The invention discloses a method for detecting residual solvent in alpha-ribose mesylate by using gas chromatography, which belongs to the technical field of chemical detection, wherein the residual solvent in the alpha-ribose mesylate is detected by using the gas chromatography, the instrument is a gas chromatograph, the detector is a FID detector, a chromatographic column adopts a DB-WAX quartz capillary chromatographic column, and carrier gas is N 2 The flow rate is 3.0mL/min, the split ratio is 20:1, and the column temperature is as follows: maintaining at 40deg.C for 10 min, heating to 80deg.C at 10deg.C per minute, heating to 250deg.C per minute for 3 min, introducing sample into the headspace, balancing temperature at 90deg.C, quantifying ring temperature at 100deg.C, and transmitting line temperature at 110deg.C for 30min; sample injection volume: 1.0ml, can effectively separate the residual solvent in the alpha-ribose mesylate and quantitatively detect the content of the residual solvent, and the method has the advantages of simple operation, strong specificity, high sensitivity, high accuracy, good linearity and durability, and can accurately and rapidly determine the alpha-room ratioResidual amount of 8 solvents in ribomethane sulfonate.

Description

一种气相色谱法检测α-核糖甲磺酸酯中残留溶剂的方法A method for detecting residual solvent in α-ribose mesylate by gas chromatography

技术领域technical field

本发明属于化学检测技术领域,特别涉及一种气相色谱法检测α-核糖甲磺酸酯中残留溶剂的方法。
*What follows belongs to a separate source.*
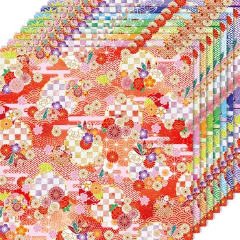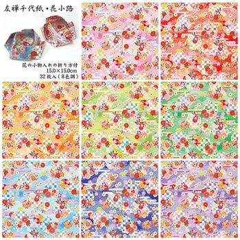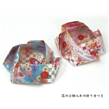上質紙に花を散りばめた和柄(同柄8パターン)の千代紙です。花の小物入れの折り方付き。
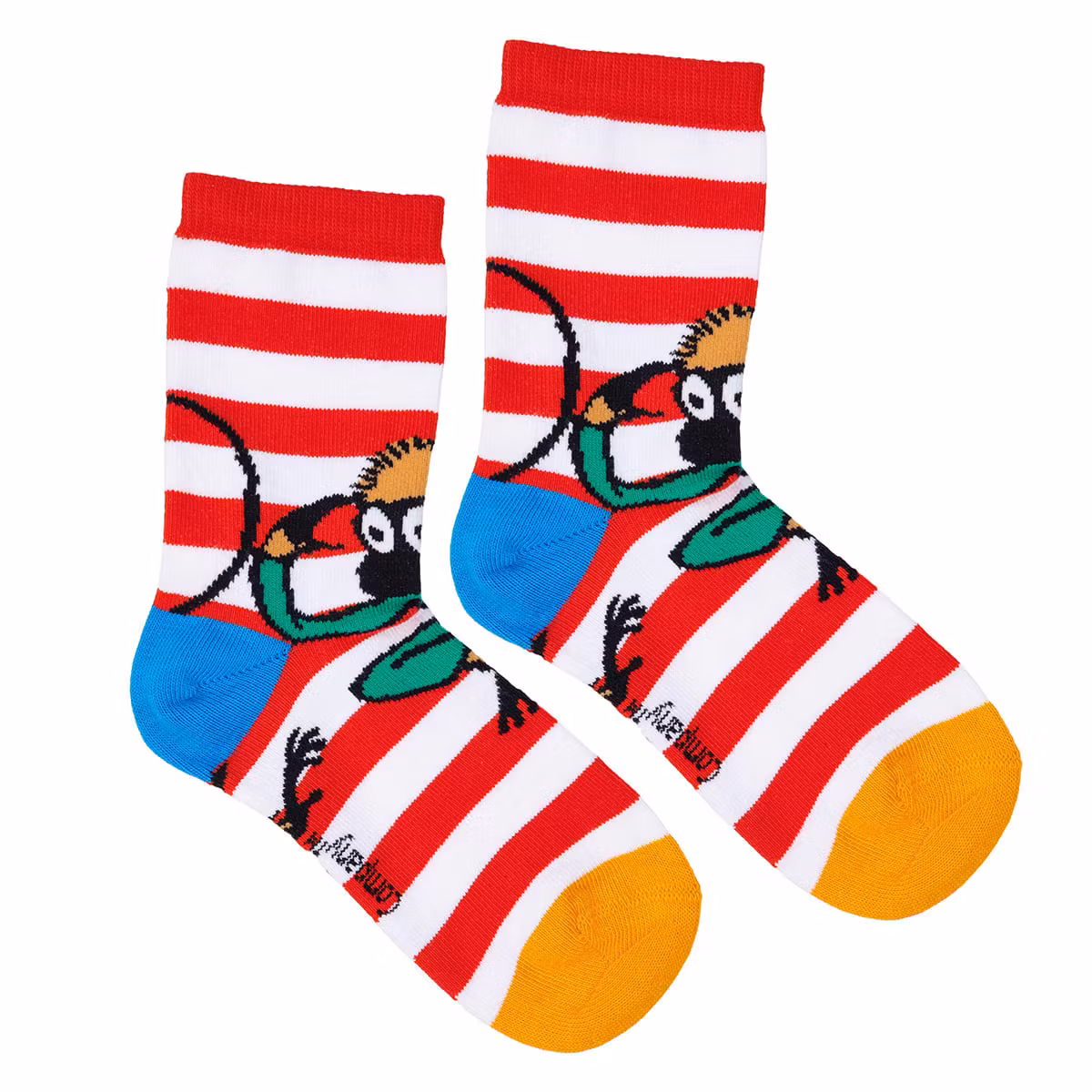 Glada Pippi Långstrump sockor för barn. Det ena paret blått med stort Pippitryck, gula tår och röda hälar, det andra paret rödvitrandigt med Herr Nilsson, orange tår och blå hälar. Tillverkade av elastisk bomullsblandning. Öko-tex.

The invention belongs to the technical field of chemical detection, in particular to a method for detecting residual solvent in α-ribose mesylate by gas chromatography.

背景技术Background technique

α-核糖甲磺酸酯是盐酸吉西他滨原料药合成中重要的起始物料,盐酸吉西他滨是一种临床应用广泛的抗癌药,其注射剂在许多国家上市,在源头控制好起始物料的质量尤为重要,目前对于α-核糖甲磺酸酯中残留溶剂的检测方法还没有报道,α-核糖甲磺酸酯中有机溶剂残留对产品质量有一定的影响,因此,开发出一种能有效检测α-核糖甲磺酸酯中残留溶剂的检测方法是十分必要的,我们经过长时间研究终于研究出一种能检测出α-核糖甲磺酸酯中残留溶剂的方法,而且此方法操作方便,检测效果较佳。α-Ribose mesylate is an important starting material in the synthesis of gemcitabine hydrochloride raw materials. Gemcitabine hydrochloride is an anticancer drug widely used in clinical practice. Its injections are listed in many countries. It is particularly important to control the quality of starting materials at the source. At present, there is no report on the detection method of residual solvents in α-ribose mesylate. Residual organic solvents in α-ribose mesylate have a certain impact on product quality. Yes, after a long period of research, we have finally developed a method that can detect residual solvents in α-ribose mesylate, and this method is easy to operate and has better detection results.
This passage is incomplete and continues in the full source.